Forecast the next 3 years of data. Get the latest figures from https://fred.stlouisfed.org/categories/11 to check the accuracy of your forecasts.

fc <- fit %>%
  forecast(h = "3 years")
fc %>%
  filter(.model=="auto") %>%
  autoplot(us_employment %>% filter(year(Month) > 2000)) 

update <- readr::read_csv("CEU7000000001.csv") %>%
  mutate(
    Month = yearmonth(DATE),
    Employed = CEU7000000001
  ) %>%
  select(Month, Employed) %>%
  as_tsibble(index=Month) %>%
  filter(Month >= min(fc$Month))

## Rows: 1009 Columns: 2
## ── Column specification ────────────────────────────────────────────────────────
## Delimiter: ","
## dbl  (1): CEU7000000001
## date (1): DATE
## 
## ℹ Use `spec()` to retrieve the full column specification for this data.
## ℹ Specify the column types or set `show_col_types = FALSE` to quiet this message.

fc %>% accuracy(update)

 fc %>%
    filter(.model=="auto") %>%
    autoplot(us_employment %>% filter(year(Month) > 2000)) +
    geom_line(data=update, aes(x=Month, y=Employed), col='red')

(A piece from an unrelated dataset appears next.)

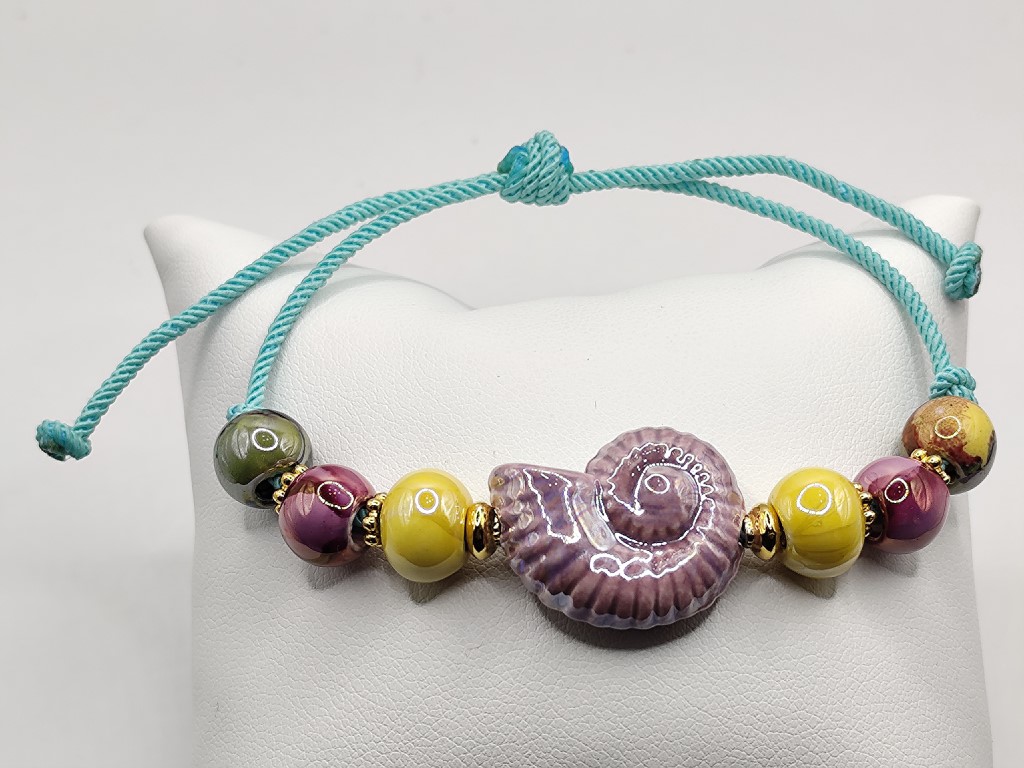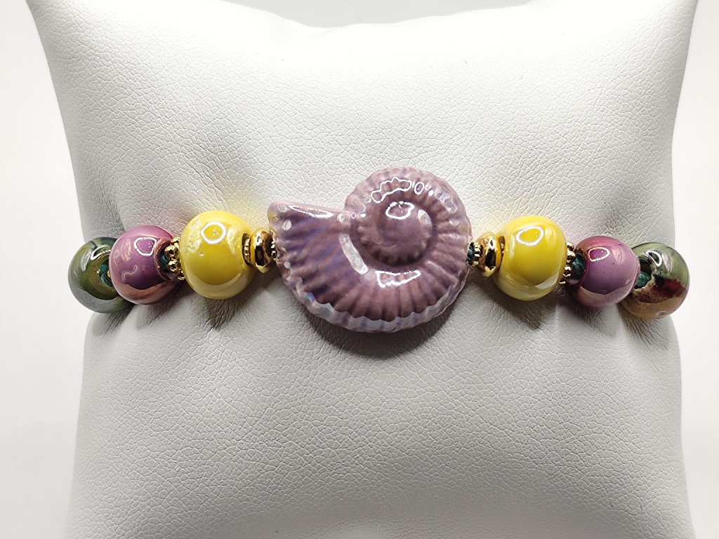 Βραχιόλι με κεραμικές χάντρες και σαλιγκάρι στο κέντρο
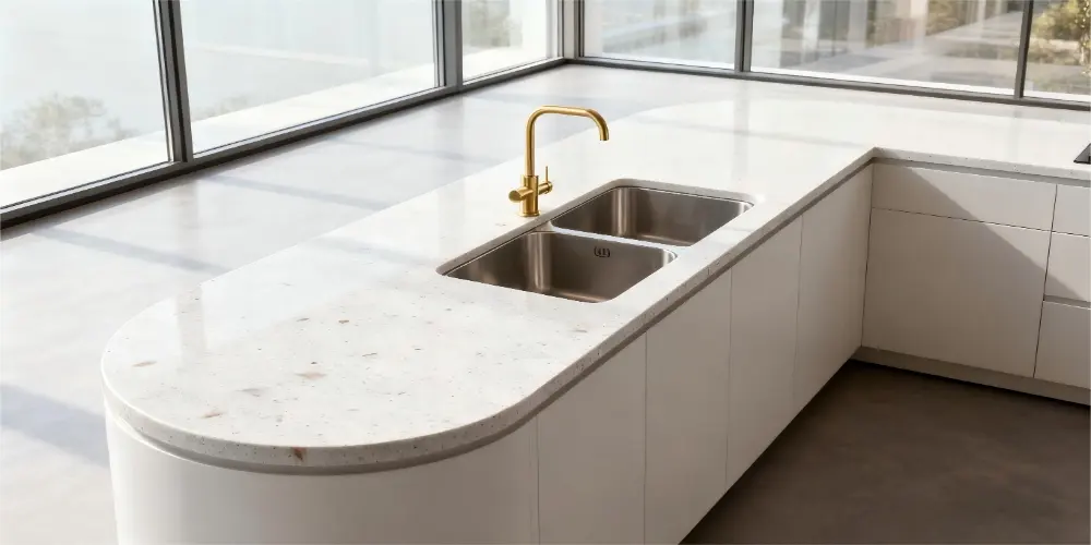 For contractors and developers, D9818 offers a differentiating element that can make their projects stand out from the competition, all while retaining the high-performance advantages of engineered stone: scratch resistance, stain proofing, and ease of maintenance. Through advanced production controls, we ensure that the distribution density of the accent particles remains consistent across different batches, allowing you to confidently specify this material with its unique “signature” for large-scale projects without worrying about inconsistencies.

The initial forecasts look great, but then the pandemic hit US and lead to a huge drop on the employment in this industry.

g.

Eventually, the prediction intervals are so wide that the forecasts are not particularly useful. How many years of forecasts do you think are sufficiently accurate to be usable?

On this the pandemic data, its about 5 months. Otherwise, in general perhaps 2–3 years.